# Cochinita Pibil: Leaf substitute



## Suthseaxa (Feb 20, 2017)

Can anyone suggest a good substitute for banana leaves in cochinita pibil? Not something I can get  I did think foil, but then I'm concerned the acids will react with the aluminium during the long cooking time.


----------



## CraigC (Feb 20, 2017)

Aluminum foil shouldn't be a problem. Can you get grape leaves? You might have to use lots of them and probably need to double wrap, but the should work. You can get achiote and sour orange juice?


----------



## medtran49 (Feb 20, 2017)

You could also wrap in parchment paper before wrapping in foil.


----------



## jennyema (Feb 20, 2017)

medtran49 said:


> You could also wrap in parchment paper before wrapping in foil.



This.  Or just parchment


----------



## medtran49 (Feb 20, 2017)

It needs to be kept closed while cooking, not sure I'd trust just parchment with a long cooking time.


----------



## Suthseaxa (Feb 20, 2017)

Great suggestions. Thank you


----------



## caseydog (Feb 20, 2017)

CraigC said:


> Aluminum foil shouldn't be a problem.
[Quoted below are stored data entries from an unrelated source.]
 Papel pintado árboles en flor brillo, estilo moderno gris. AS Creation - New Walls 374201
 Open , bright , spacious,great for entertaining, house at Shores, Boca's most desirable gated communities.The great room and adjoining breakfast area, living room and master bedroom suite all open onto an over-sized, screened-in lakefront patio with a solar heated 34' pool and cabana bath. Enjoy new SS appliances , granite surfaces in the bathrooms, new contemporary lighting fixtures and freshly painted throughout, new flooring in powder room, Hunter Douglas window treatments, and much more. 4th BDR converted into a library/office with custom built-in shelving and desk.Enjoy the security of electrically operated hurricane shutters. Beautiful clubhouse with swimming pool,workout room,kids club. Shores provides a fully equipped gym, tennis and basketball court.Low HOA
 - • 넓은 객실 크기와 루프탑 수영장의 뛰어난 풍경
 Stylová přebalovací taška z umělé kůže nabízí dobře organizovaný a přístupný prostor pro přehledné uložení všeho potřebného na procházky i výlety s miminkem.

Can you get grape leaves? You might have to use lots of them and probably need to double wrap, but the should work. You can get achiote and sour orange juice?
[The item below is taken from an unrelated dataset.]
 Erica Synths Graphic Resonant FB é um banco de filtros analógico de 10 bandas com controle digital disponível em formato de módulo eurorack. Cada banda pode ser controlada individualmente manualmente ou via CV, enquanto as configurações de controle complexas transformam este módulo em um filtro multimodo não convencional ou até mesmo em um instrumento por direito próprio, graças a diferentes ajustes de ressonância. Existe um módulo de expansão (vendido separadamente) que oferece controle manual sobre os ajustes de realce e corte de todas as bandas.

I've not made cochinita pibil, but I've seen it made by chef Rick Bayless. He uses pork shoulder, which is *very* forgiving. I think that if you get the herbs and spices right, the banana leaf wrapper will not be a big deal. I don't think the banana leaves do much, if anything, for flavor. It seems to be more for the steaming process. I think you could use parchment paper and get good results. 

CD


----------



## Steve Kroll (Feb 21, 2017)

Banana leaves do add some flavor, but they're not easy to come by. I've made cochinita pibil using nothing but foil. It works fine.


----------



## medtran49 (Feb 21, 2017)

They have them in the freezer case in regular markets here with other "ethnic" foods.


----------



## Suthseaxa (Feb 23, 2017)

I'll take your advice and use foil/paper. My initial idea was foil; I was just concerned about the prolonged acidic environment reacting with the aluminium!


----------



## rmpbklyn (Jul 18, 2020)

other suggestions are cornhusks(not ediable), grape leaves(mideastern roll these), ti leave, lotus leaf


----------